Section 2: Special Committees
The President, in consultation with the Board, may appoint such special committees as are appropriate.
Section 1: Selection Process with an FMA CommitmentIf there is a commitment to holding the annual meeting in conjunction with the Financial Planning Association’s annual meeting, then the Executive Committee shall receive and examine the terms and conditions as provided by FPA. The Executive Committee shall make a primary recommendation to accept or reject the terms and conditions. If not acceptable, then the Executive Committee will attempt to negotiate more favorable terms and conditions. If the Executive Committee determines that the terms and conditions are not acceptable and AFS and FPA cannot reach a mutually agreeable resolution, the Executive Committee shall provide alternative choices to the Board of Directors. The full Board shall vote on the final recommendation. The committee shall also recommend dates for the annual meeting.

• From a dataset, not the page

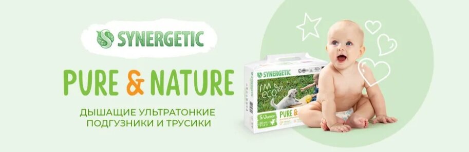 Подгузники SYNERGETIC Pure&Nature ультратонкие, ультрадышащие, ультрасовременные.

Section 2: Selection Process without an FMA Commitment
If there is not a commitment to holding the annual meeting in conjunction with the Financial Planning Association’s annual meeting, then the Board of Directors shall select annual meeting sites, giving consideration to such factors as accessibility, institutional support, and past meeting locations with the goal of providing for a reasonable geographic rotation of annual meetings held. The Board will also select dates and charge the Executive Committee to work with the AFS Administrator to develop proposals for accommodations.
Section 1: Who may Amend
The Board of Directors may adopt amendments to these bylaws with a majority vote of officers and directors attending and voting at Board meetings (either virtual or in person). This procedure does not apply to amendments that would materially and adversely affect the rights of Academy members with respect to voting rights or would change the number of members on the Board of Directors. Amendments of these types require a majority vote by the Board of Directors and subsequent approval by two-thirds of the voting members present and voting at meetings of the membership. Any member of the Academy may propose amendments to these bylaws to the Board of Directors.

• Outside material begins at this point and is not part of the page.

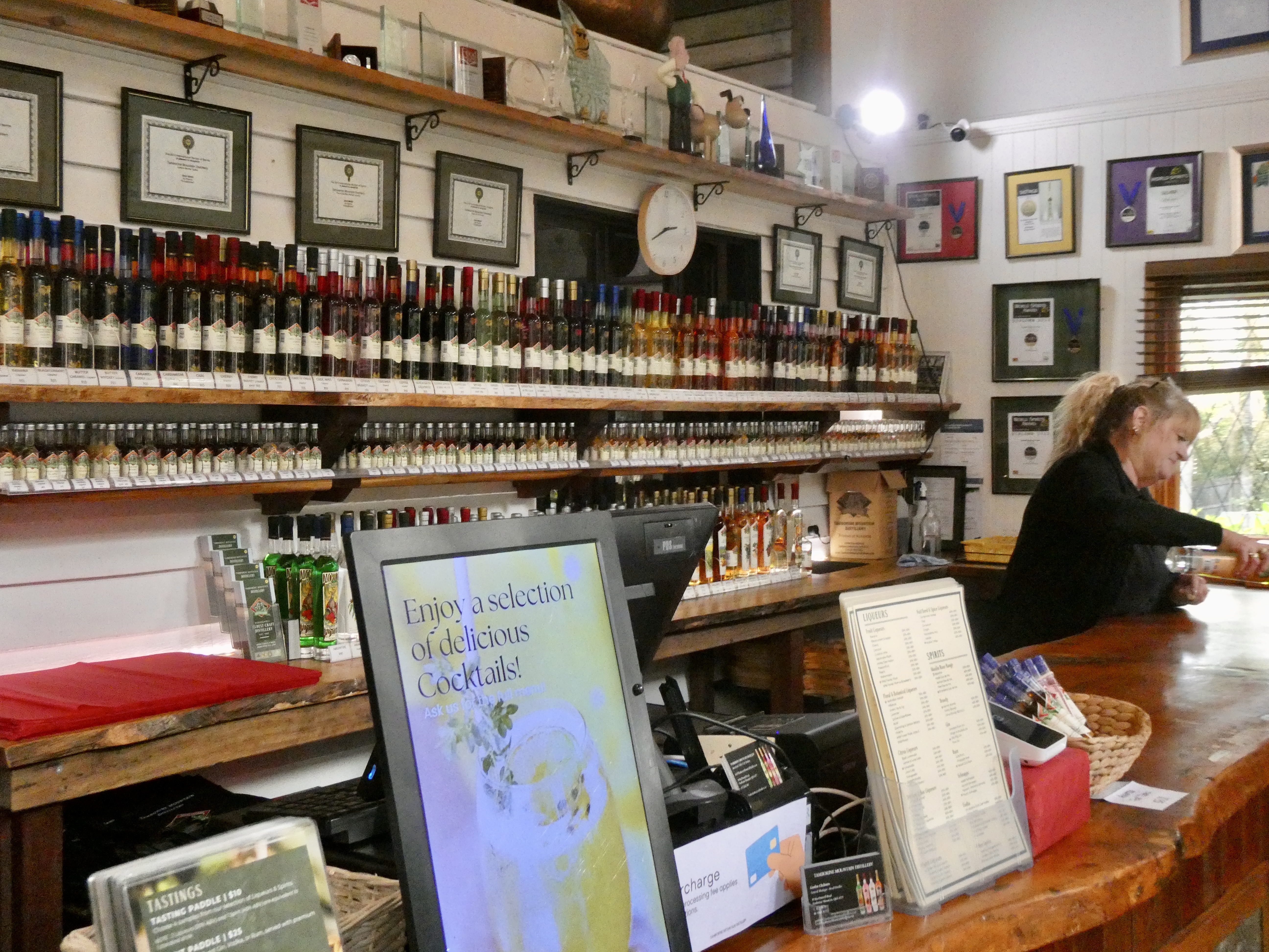 Anyway, from here, our last stop of the day was easily the most enjoyable. We drove through the little village of Mt. Tambourine to the Tambourine Mountain Distillery where all sorts of liqueurs and spirits are distilled. In fact, the list of tastings on tap was absolutely enormous and the inside of the distillery looked like a science lab. There were bottles of liqueurs everywhere as well as bottled ingredients covering almost a quarter of the main room. (And sadly, I never did find out what the ingredient “worm wood” was all about.)

Section 1: Robert’s Rules of Order
Whenever appropriate, and unless otherwise provided by these bylaws, Robert’s Rules of Order, as revised, shall govern parliamentary conduct of all meetings.
Section 1: A Not-for-Profit Organization
The Board of Directors shall have the power to instruct one or more of its members to make application for a suitable charter from an appropriate state or commonwealth, and to take whatever other steps are necessary to comply with laws governing not-for-profit organizations, including the formation of such corporation or other bodies as they deem expedient and desirable. No entity formed shall in any way restrict or diminish the authority of obligations of the Board of Directors as specified in the bylaws.
Section 2: Not-for-Profit Status
The Academy of Financial Services is a qualified 501(c)(6) Organization.
Section 1: Adoptions and Revisions
These bylaws were approved by the Board of Directors of the Academy of Financial Services on October 11, 1994 and revised by the Board of Directors of the Academy on October 14, 2015 and again on March 9, 2020.